そんな物は無いが石鹸はある。僕の身体に染み付いてしまったサキュバスの香りを落とす為、僕は高価な石鹸を大量に使って身体を洗った。
端から見れば牢屋の中はサキュバスの死体が散らかっている様にも見える惨状の中、僕は下の方で潰される様に死んでいた。目が覚めたのは、僕の目の前にあった誰かさんのお尻から放たれた毒ガスを喰らっての事だった。
サキュバスに悪気は無かったのだろうが、「くっせぇ!」と言って女の子を辱しめたのは条件反射なので許して欲しい。

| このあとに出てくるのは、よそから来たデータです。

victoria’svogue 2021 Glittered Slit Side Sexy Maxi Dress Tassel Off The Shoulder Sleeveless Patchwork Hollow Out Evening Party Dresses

僕は死体と化したサキュバスを掻き分け、鉄格子のまで匍匐前進で進むと、ルフィナが笑顔で鍵を開けてくれた。
「ご苦労である。これでサキュバスも団長の奴隷である」
「お、お前、言う事はそれだけか……」
「匂うから風呂に入れ、であるか? 準備なら出来てるのである」
「ち、違う! その前に一言あるだろ……」
「プリシラには黙っていてやるのである」
せっかくサキュバス二十五人相手に生き残ったのに、プリシラさんに殺されたくない。僕はサキュバスの件はプリシラさんに黙っている事を条件に、牢屋を脱出して風呂に向かった。
「……良いお湯ですね」
殺気を殺すことならイリス並みのクリスティンさんが、いつの間にかお風呂に入っていた事に気が付かなかったのは石鹸が目に入ったからか。

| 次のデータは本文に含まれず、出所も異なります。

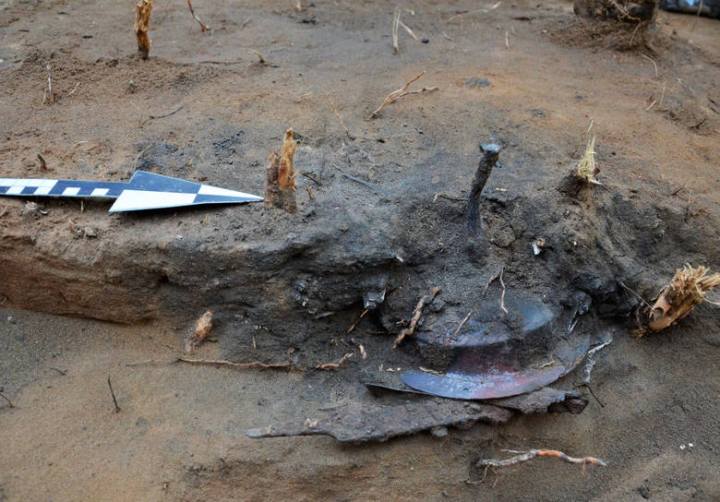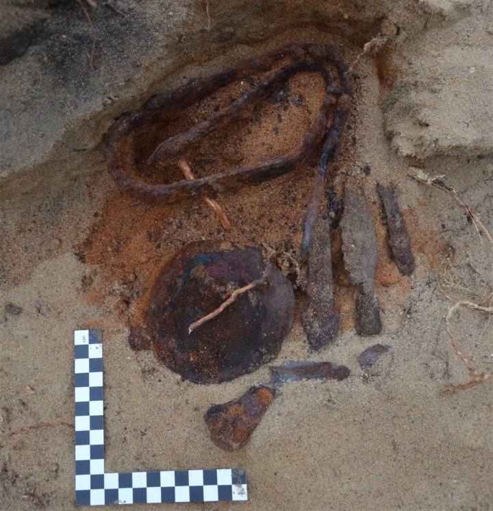 Finora sono state scavate tre tombe complete, che probabilmente appartenevano a dei guerrieri perché contenevano armi. Gli archeologi hanno scoperto dozzine di manufatti in bronzo e ferro, tra cui una spada che sarebbe stata piegata durante la cerimonia funebre, oltre a ceramiche, fibule, fibbie e altri ornamenti. «Qui le influenze di Goti e Vandali si scontrarono con le influenze delle tribù dell’Elba», dice l’archeologo polacco. Le tombe conservavano i resti delle ossa bruciate: in una, erano dentro un’urna di ceramica; nelle altre due furono versati in fosse scavate nel terreno.
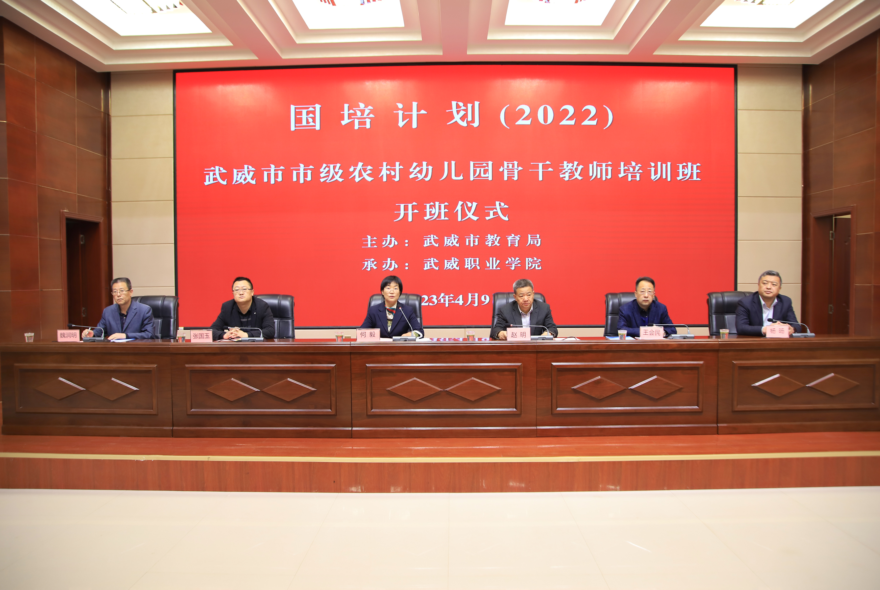 2023年4月9日上午,“國培計劃(2022)”武威市市級農(nóng)村幼兒園骨干教師培訓(xùn)班開班儀式在學(xué)院菁英廳舉辦,武威市教育局、武威職業(yè)學(xué)院領(lǐng)導(dǎo)及相關(guān)科室負責人參加開班儀式。

「そ、そうですね。朝風呂は気持ちがいいなぁ、ハハハハッ」
顔がひきつる。ルフィナのヤツ、話して無いだろうな。お風呂での死因の一つに心臓発作があるけど、どうしても連想してしまう。
「……そちらに行っても……」
お風呂の温度が急に冷たくなった気がした。風呂係がいるなら薪を足してくれ。いや、自分で足すからクリスティンさんは一人でどうぞ。
「か、構いませんよ」
断れる筈もなく、クリスティンさんは僕の正面、下半身に座る様に来た。そして美しい肌を見せながら僕の胸に右手をそっと置いた。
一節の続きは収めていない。